» **The problem**: Apart from the pictures, reproduce the data below exactly as it stands.

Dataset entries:
------------

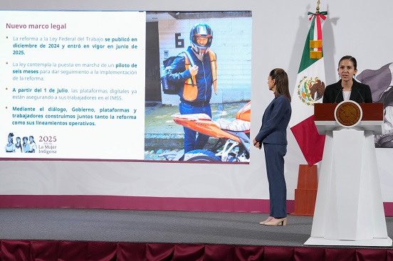 Por último, la subsecretaria de Empleo y Productividad Laboral refirió que en el marco del programa piloto de la Reforma Laboral en materia de Plataformas Digitales, las aplicaciones están obligadas, a inicio de cada mes, a dar de alta a todas las personas que trabajan en estas plataformas, si al final del mes estas generan ingresos equivalentes al menos a un mes de salario mínimo la plataforma debe asegurarla con todos los beneficios del IMSS.
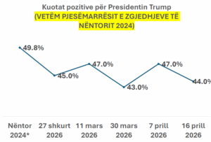 Kështu, më 27 shkurt, vetëm 45% e pjesëmarrësve të zgjedhjeve të nëntorit 2024 kishin vlerësim pozitiv ose shumë pozitiv për punën e Presidentit Trump. Më 11 mars Trump u ngjit në 47%, ra në 43% më 30 mars, u ringjit në 47% më 7 prill, duke përfunduar në 44% më 16 prill. Pra, nga 49.8% që e votuan atë në zgjedhje, vetëm 44% e vlerësojnë punënë e tij pozitivisht…
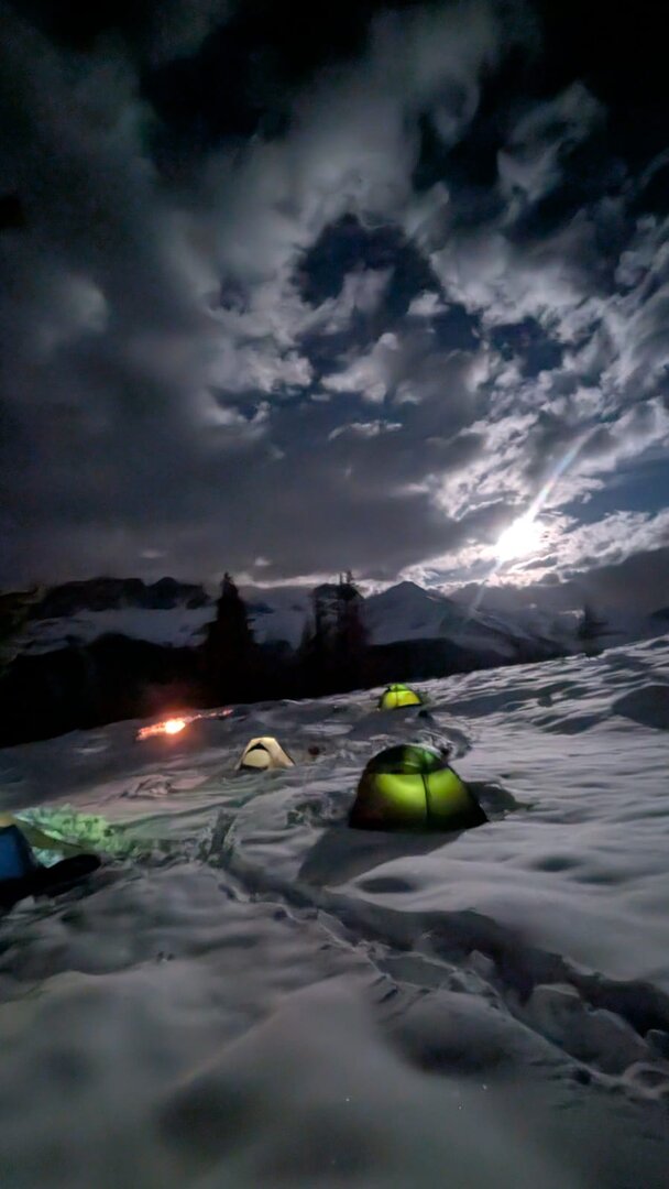 Auf unserer mini Expedition zieht jeder seine Ausrüstung auf der eigenen Pulka hinter sich her. An einem ruhigen Plätzchen über der Waldgrenze schlagen wir unser Lager auf. Am wärmenden Feuer werden wir uns verpflegen und die absolute Stille in der Natur geniessen. Die Nacht verbringen wir
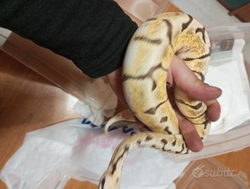Vendo pitone reale femmina colorazione come da foto abituato al cibo decongelato cresciuto con cura con regolare cites. Pesa intorno a 450 grammi Consegna a Cosenza Centro o limitrofi
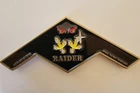 *New* B-21 Raider Stealth Bomber 2 Challenge Coins USAF NORTHROP GRUMMAN CTF 3"x1.5" Bottle Opener: On one side it features the B-21 logo with the squadron patches below it. Different Air Force Specialty Codes surround the outer edge of the coin. On the other side, a skeleton siting on the globe, holding a missile while a B-21 circumnavigates it. The outer edge reads, "Admit nothing, deny everything" This is a 3.5" Challenge Coin that features the American flag in the silhouette of the B-21 On the other side, it reads Praenuntius (Latin for "acting as harbinger") RAIDER and HUC VENIT MALUM A number of translations have come from it, but many of them pretty much say a similar thing in different ways. This mainly includes "here comes evil," but by most indications, including a Latin professor's, the motto is a reference to a quote from Shakespeare's Macbeth: "something wicked this way comes." It also depicts eyes with eagle talons Sold and shipped in The USA
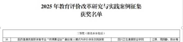 四川省教育评价改革案例评选结果公布,taptap点点江燎、周扬静、陈余梅教师团队的《医药健康类高职体育专业“岗课赛证创”融合育人模式与评价体系实践探索》荣获三等奖。该案例在休闲体育、健身指导与管理专业实施成效显著,有效提升了学生的岗位适应能力和综合素养,为培养高素质健康体育人才探索出了可行路径。

------------

» **Answer space**:
 Por último, la subsecretaria de Empleo y Productividad Laboral refirió que en el marco del programa piloto de la Reforma Laboral en materia de Plataformas Digitales, las aplicaciones están obligadas, a inicio de cada mes, a dar de alta a todas las personas que trabajan en estas plataformas, si al final del mes estas generan ingresos equivalentes al menos a un mes de salario mínimo la plataforma debe asegurarla con todos los beneficios del IMSS.
 Kështu, më 27 shkurt, vetëm 45% e pjesëmarrësve të zgjedhjeve të nëntorit 2024 kishin vlerësim pozitiv ose shumë pozitiv për punën e Presidentit Trump. Më 11 mars Trump u ngjit në 47%, ra në 43% më 30 mars, u ringjit në 47% më 7 prill, duke përfunduar në 44% më 16 prill. Pra, nga 49.8% që e votuan atë në zgjedhje, vetëm 44% e vlerësojnë punënë e tij pozitivisht…
 Auf unserer mini Expedition zieht jeder seine Ausrüstung auf der eigenen Pulka hinter sich her. An einem ruhigen Plätzchen über der Waldgrenze schlagen wir unser Lager auf. Am wärmenden Feuer werden wir uns verpflegen und die absolute Stille in der Natur geniessen. Die Nacht verbringen wir
Vendo pitone reale femmina colorazione come da foto abituato al cibo decongelato cresciuto con cura con regolare cites. Pesa intorno a 450 grammi Consegna a Cosenza Centro o limitrofi
 *New* B-21 Raider Stealth Bomber 2 Challenge Coins USAF NORTHROP GRUMMAN CTF 3"x1.5" Bottle Opener: On one side it features the B-21 logo with the squadron patches below it. Different Air Force Specialty Codes surround the outer edge of the coin. On the other side, a skeleton siting on the globe, holding a missile while a B-21 circumnavigates it. The outer edge reads, "Admit nothing, deny everything" This is a 3.5" Challenge Coin that features the American flag in the silhouette of the B-21 On the other side, it reads Praenuntius (Latin for "acting as harbinger") RAIDER and HUC VENIT MALUM A number of translations have come from it, but many of them pretty much say a similar thing in different ways. This mainly includes "here comes evil," but by most indications, including a Latin professor's, the motto is a reference to a quote from Shakespeare's Macbeth: "something wicked this way comes." It also depicts eyes with eagle talons Sold and shipped in The USA
 四川省教育评价改革案例评选结果公布,taptap点点江燎、周扬静、陈余梅教师团队的《医药健康类高职体育专业“岗课赛证创”融合育人模式与评价体系实践探索》荣获三等奖。该案例在休闲体育、健身指导与管理专业实施成效显著,有效提升了学生的岗位适应能力和综合素养,为培养高素质健康体育人才探索出了可行路径。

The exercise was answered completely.